Fashion brands grapple with greenwashing: ‘It’s not a human right to say something is sustainable’ | Fashion industry

men Singapore earlier this month, the Sustainable Apparel Coalition, a non-profit alliance representing more than half of the global apparel and footwear industry, came together for its annual meeting. There was a big question on the minds of those in attendance: how would the coalition respond to claims of greenwashing?

In June, use of a tool the coalition had developed over a decade to measure the industry’s environmental impacts was halted after the Norwegian Consumer Authority issued a warning that it could not be used to support sustainability claims. By then, some major players, including Adidas and Kering, had already opted out of using the tool, called Higg MSI, with Kering. citing concerns about the accuracy of the data.

The coalition’s cause was further hampered by the release of a report that revealed that despite committing to cut emissions, the the carbon footprint of the fashion industry has increased and continues to grow. Of the ten companies assessed, nine were members of the Sustainable Clothing Coalition. The fashion industry is responsible for between 2% and 8% of global greenhouse gas emissions, and despite a recent rise in products describing themselves as sustainable and committing to lower emissions, according to the World Resources Institute, the environmental footprint of the sector is it is expected to grow 60% by 2030.

There’s a extensive crackdown on greenwashing across the fashion industry, as regulators around the world try to figure out how to tackle misleading claims for environmental products. For example, describing polyester products as “recycled” when the material cannot be reused at the end of its useful life.

At the end of November, the European Union will announce rules on how brands must support green claims and they are expected to follow the regulations. In Australia, the ACCC is conducting sweeps to uncover misleading environmental and sustainability marketing claims.

The Norwegian Consumer Authority guidelines highlight a key issue for fashion brands. While there is significant business potential in promoting yourself as environmentally friendly, proving those claims is much more difficult. More and more consumers want to know how sustainable their consumption choices are. A recent UK survey by Deloitte found that 34% of shoppers had stopped buying products from certain brands. due to environmental or ethical concerns.

Greenwashing has been around the fashion industry “for a long time,” says Maxine Bédat, director of the New Standard Institute. Only with a change in methodologies and “better data, we will be able to see whether or not we as an industry are making progress.”

“Bad data is worse than no data,” says Tonje Drevland, head of the supervisory department at the Norwegian Consumer Authority. “You have to know that what you are saying is correct. You have to have facts to back up what you’re saying.”

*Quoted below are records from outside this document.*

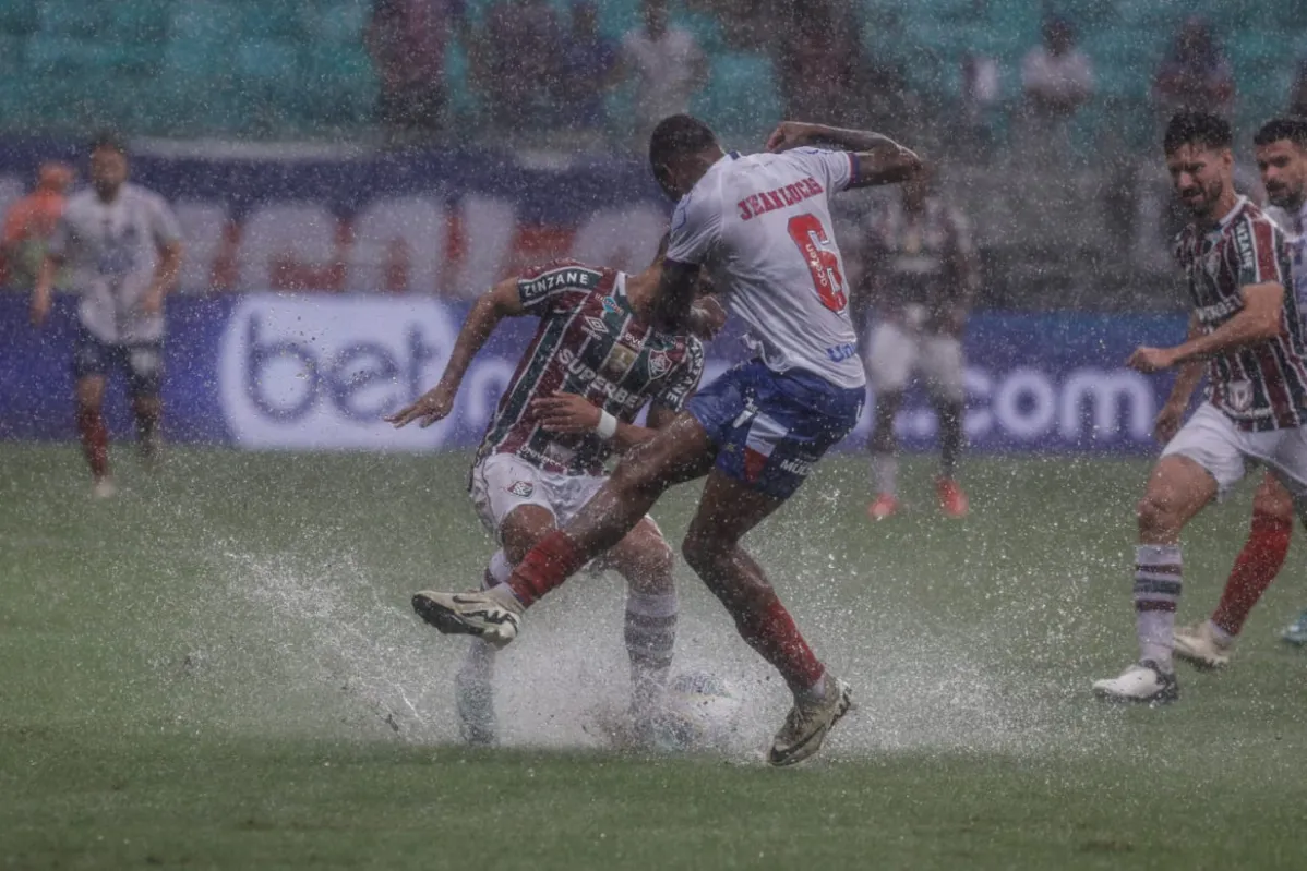 A partida entre Bahia e Fluminense, pela 3ª rodada do Campeonato Brasileiro foi paralisada aos 16 minutos do primeiro tempo por conta das fortes chuvas que caem em Salvador. Desde cerca de uma hora antes do início da partida com chuva forte, o gramado ficou encharcado e repleto de poças d’água.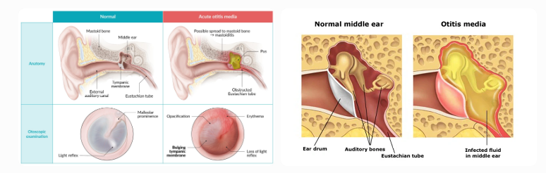 - Persistent or recurrent ear discharge (otorrhea) — may be thick, yellow, green, bloody, or foul-smelling
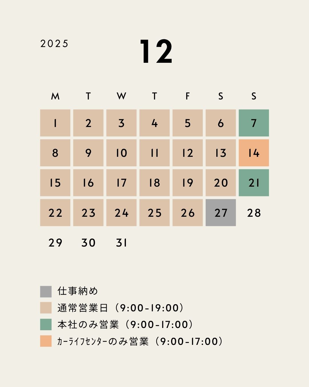 本社工場とカーライフセンター(展示場)は休業日が異なります。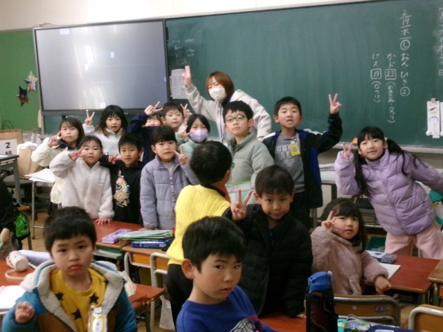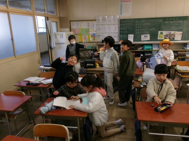 2/4 今朝 1年生の教室「みんな笑顔!」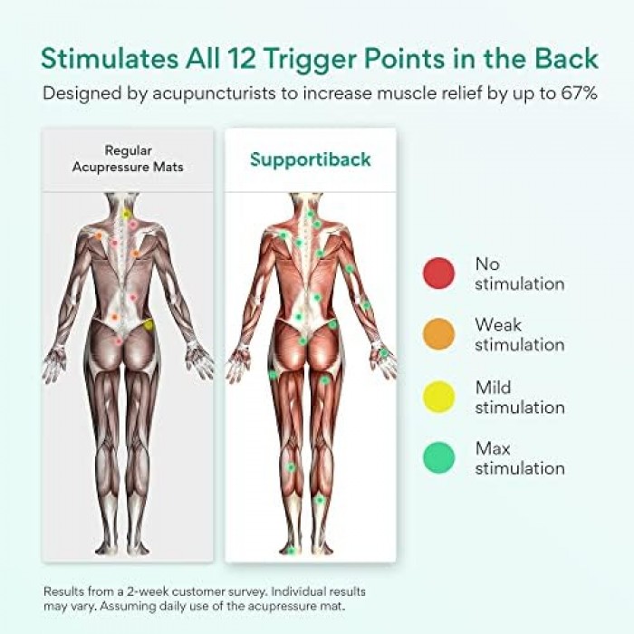 MIMICS TRADITIONAL TECHNIQUES: Our targeted therapy mat mimics the classic Chinese acupuncture techniques. In a survey of 40 users in July 2022, 96% said that their back discomfort significantly improved after using our mat for just 10-15 minutes per day.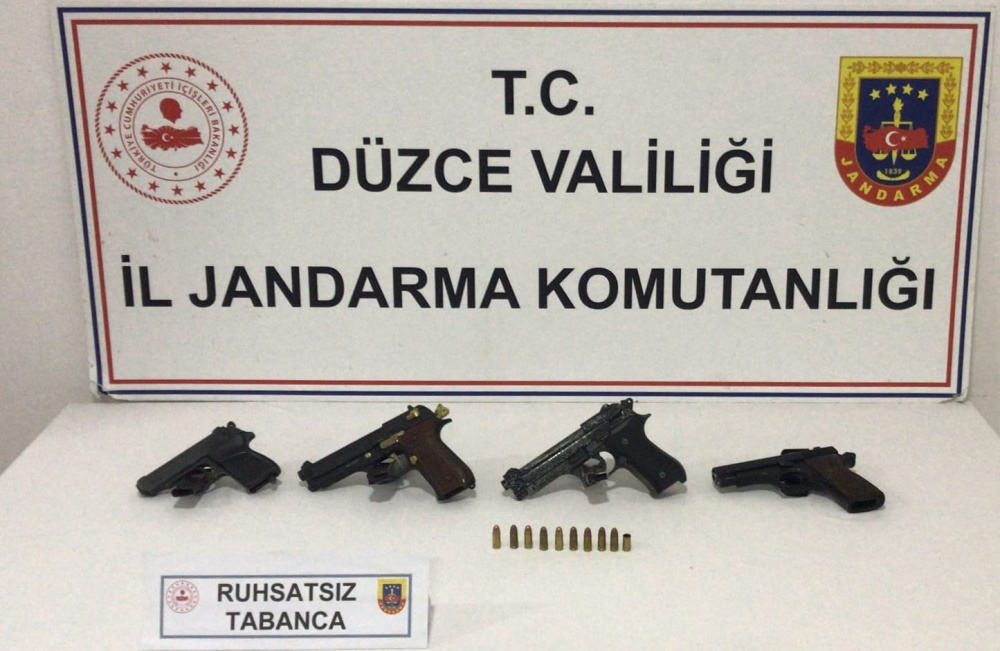 Evde ve araçta yapılan aramada 4 ruhsatsız tabanca ve bu silahlara ait mermiler ele geçirildi.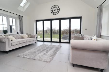 GARDEN ROOM 11' 9" x 17' 3" (3.60m x 5.27m) With double glazed windows to the front and rear aspects, double glaze Bifold doors onto the garden, vaulted ceiling with four Velux windows, tiled flooring with underfloor heating and spotlights.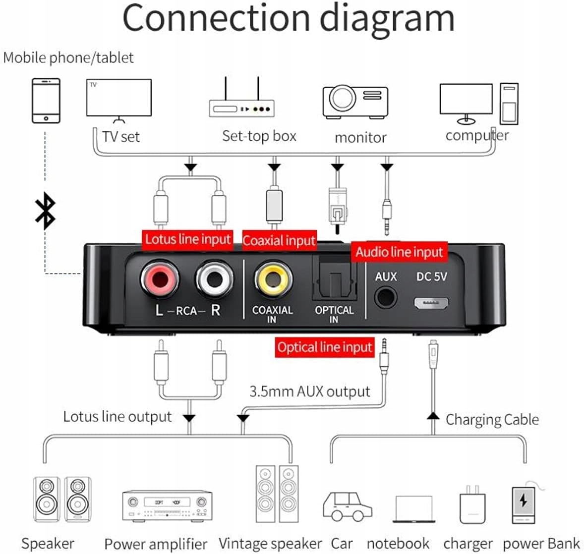 Используется для передачи беспроводной аудиосигнал на наушники или другой приемник bluetooth. Источник звука подключение к адаптеру осуществляется с помощью кабеля aux, S/PDIF или RCA (входит в комплект поставки адаптер aux / RCA).
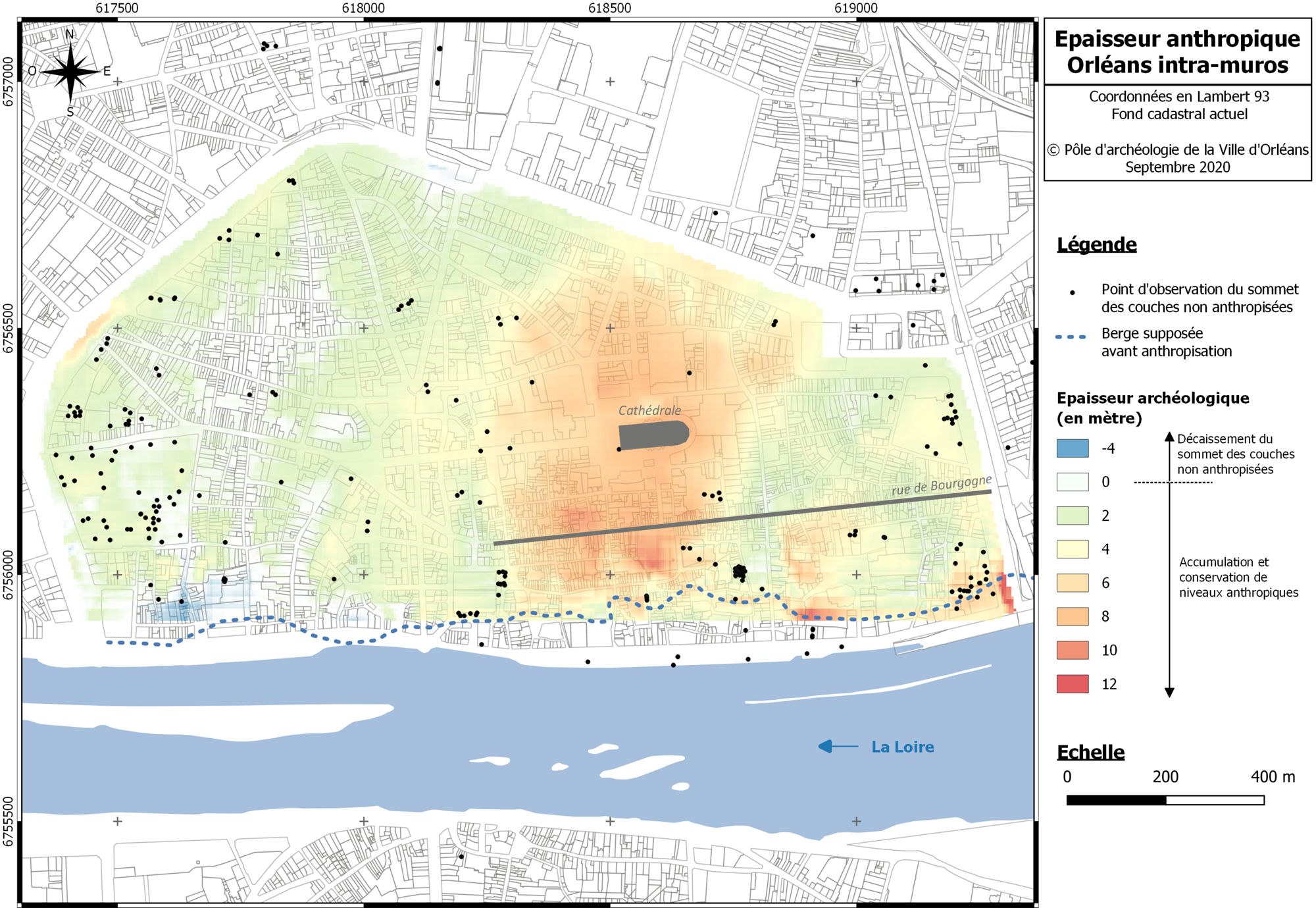 Cette base permet notamment d’évaluer et de modéliser l’épaisseur des couches urbaines d’origine anthropique. Pour Orléans intra-muros, ce sont ainsi plus de 300 points d’observations jugés fiables qui ont été utilisés pour modéliser le sommet des couches non anthropisées.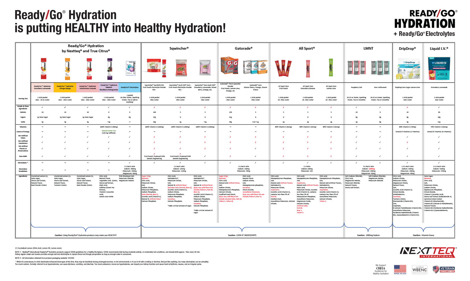Ready/Go® Hydration products are exclusively distributed by Nextteq International LLC, Tampa, FL 33634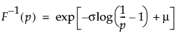 Returns the pth quantile from a loglogistic distribution with location mu and scale sigma. The quantile function is parameterized as follows: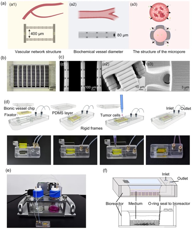 该装置通过中空管状"人工血管"(图1a)模拟血管结构主体,其管壁设计7-10μm孔径微孔以实现生理级营养扩散(图1b-c)。为精准模拟交叉血管网络拓扑,装置内集成5层仿生结构单元——每层包含14条平行"人工血管"及7条横向支撑梁(图1a-b)。生物相容性验证表明:BIO树脂浸提液共培养体系对类器官扩增无不良影响,且在浓度梯度测试中,人源肺癌(肿瘤组织)、气道与肾脏(正常组织)来源类器官的活性均未出现显著性抑制。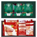 スターバックスコーヒーギフトと、お菓子のセットでワンランクアップのひとときを。大切な方へ、逸品をお届けしませんか? ■ハウスブレンド ナッツとココアのニュアンスにローストのかすかな甘み、そこに酸味とコクが見事に調和した風味が特徴です。創業当初よりお届けしてきた人気のブレンドです。 ■カフェベロナ ダークココアのような口あたり、ロースト感のある深みや甘みと、しっかりとしたコクの奥行きのある豊かなブレンド。 ■ライトノートブレンド ソフトなコクと煎ったナッツのニュアンスが感じられる、やわらかで穏やかな味わい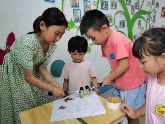 中国传统文化是中华民族千百年来智慧的结晶,引领青少年重视学习传统文化,势在必行。拓印技术作为我国印刷术发明的前驱,具有特殊的魅力和极强的观赏性。7月18日下午,平顶山学院3003新葡官方网站“化环青志 爱心助梦”关爱留守儿童服务团队以“童心童画,拓印赋彩”为主题,为鲁山县文智留守儿童学校的同学们举办了一场趣味横生的植物拓印专题活动。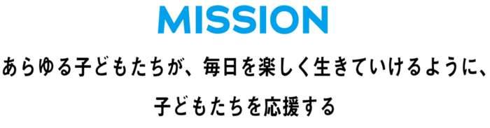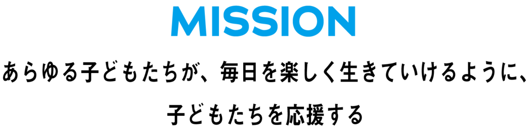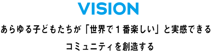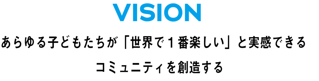 私たちは「あらゆる子どもたちが、毎日を楽しく生きていけるように、子どもたちを応援する」をMISSIONとし、「あらゆる子どもたちが世界で1番楽しいと実感できるコミュティを創造する」をVISIONと掲げています。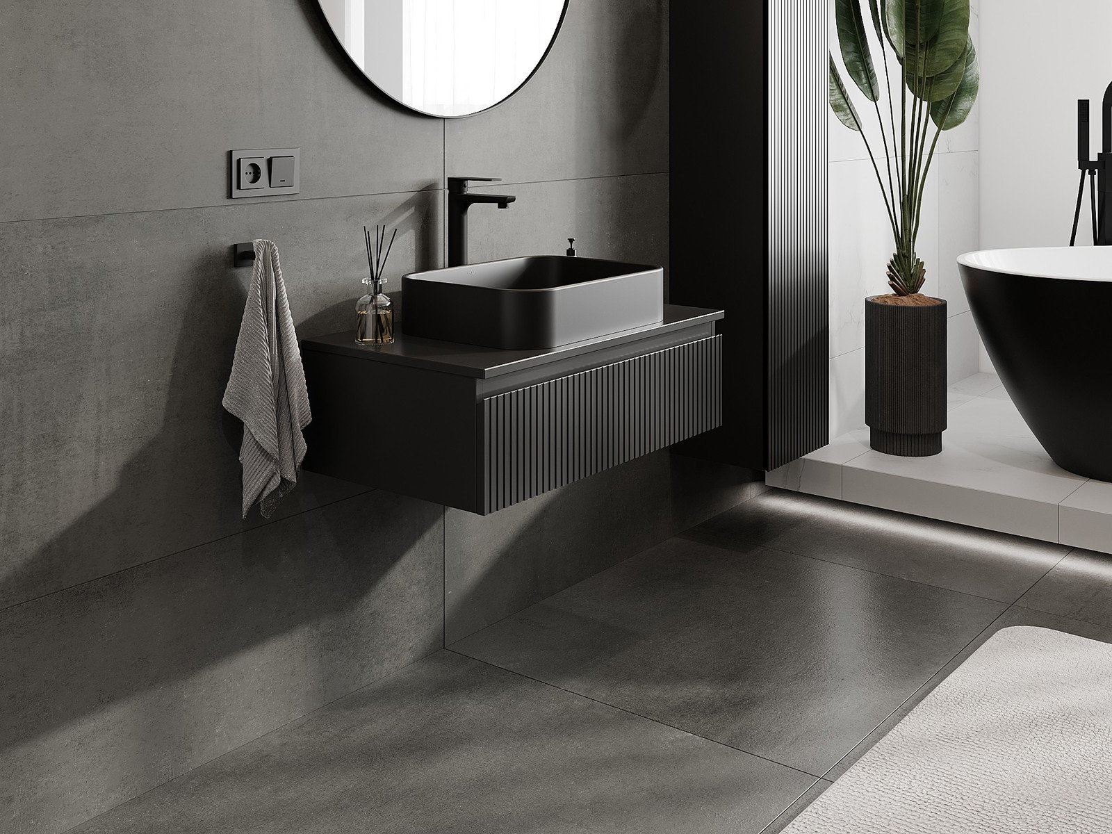 Mexen Rivel vannas istabas izlietnes skapītis 80 cm ar virsmu, 1 atvilktne, rievots, melns matēts - 91A20-08023-1-BFC71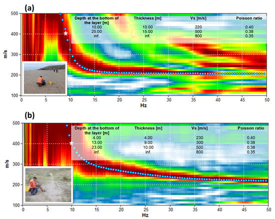 Figure 7 shows the observed and modelled surface wave velocity dispersion curves at the beach and in the dunes. The maximum depth of investigation can be estimated from the recorded phase velocity at which the minimum frequency of the fundamental mode on the dispersion curve is clearly defined. The fundamental frequency mode was identified as the curve with the lowest velocity values for each frequency. For the beach record, the minimum frequency was approximately 8 Hz and the corresponding velocity was around 400 m/s. By dividing 400 m/s by 8 Hz, we obtain 400 m/s/8 Hz = 50 m. This is the maximum Rayleigh wavelength (λmax) that can be recognised from this survey. The maximum wavelength of investigation was not the maximum depth of investigation. Rayleigh waves in fact induce the major part of the ground displacement at depths between 1/3 and 1/2 of their wavelength. It is therefore generally assumed that the velocity at which a Rayleigh wave is moving refers to a depth between λmax/3 and λmax/2. In this case, by dividing the maximum wavelength by 2, we had an estimation (by excess) of the maximum depth of investigation achieved by the survey as λmax/2 = 50/2 = 25 m depth. The modelled Rayleigh wave velocity dispersion curve (Figure 7a) was obtained assuming the 1D Vs profile shown in Figure 7a, suggesting that the Vs was 220 m/s for the first 10 m, then Vs = 500 m/s until 25 m depth (i.e., first layer was 10 m thick and second layer was 15 m thick). The average Vs could be obtained as (10/25) × 220 + (15/25) × 500 = 388 m/s for the beach top layer. For the dune survey, the minimum frequency was approximately 10 Hz and the corresponding Vs was around 400 m/s. By dividing 400 m/s by 10 Hz, we obtained λmax = 400 m/s/10 Hz = 40 m and the maximum depth of investigation achieved by the survey was λmax/2 = 40/2 = 20 m. The modelled Rayleigh wave velocity dispersion curve (Figure 7b) was obtained assuming the 1D Vs profile shown in Figure 7b, from which it can be inferred that the bedrock interface was around 23 m depth and close to the depth of investigation. The average Vs could be then obtained as (4/23) × 230 + (9/23) × 300 + (10/23) × 500 = 374 m/s for the dune top layer. It was observed that the differences between the averaged Vs obtained for the beach and dune (374 m/s + 388 m/s)/2 = 381 m/s was less than ± 2%.

At the annual SAC meeting, the Norwegian guidelines were presented as an opportunity to work collaboratively to improve Higg tools and look for ways to effect systemic change, including the adoption of circularity and renewable energy. “I don’t think these are bad talks,” Amina Razvi, chief executive of the SAC, told Guardian Australia. “I think they are good because they will push both the industry and legislators and regulators to figure out what that aligned position is … that allows the industry to really move forward.”

However, Jeremy Lardeau, vice president of the Higg Index, expressed concern. “Is it practical and feasible to implement the NCA guidance on every product in this industry to calculate a product footprint? Not really. Right? It goes back to the complexity of the supply chain and the availability of data.”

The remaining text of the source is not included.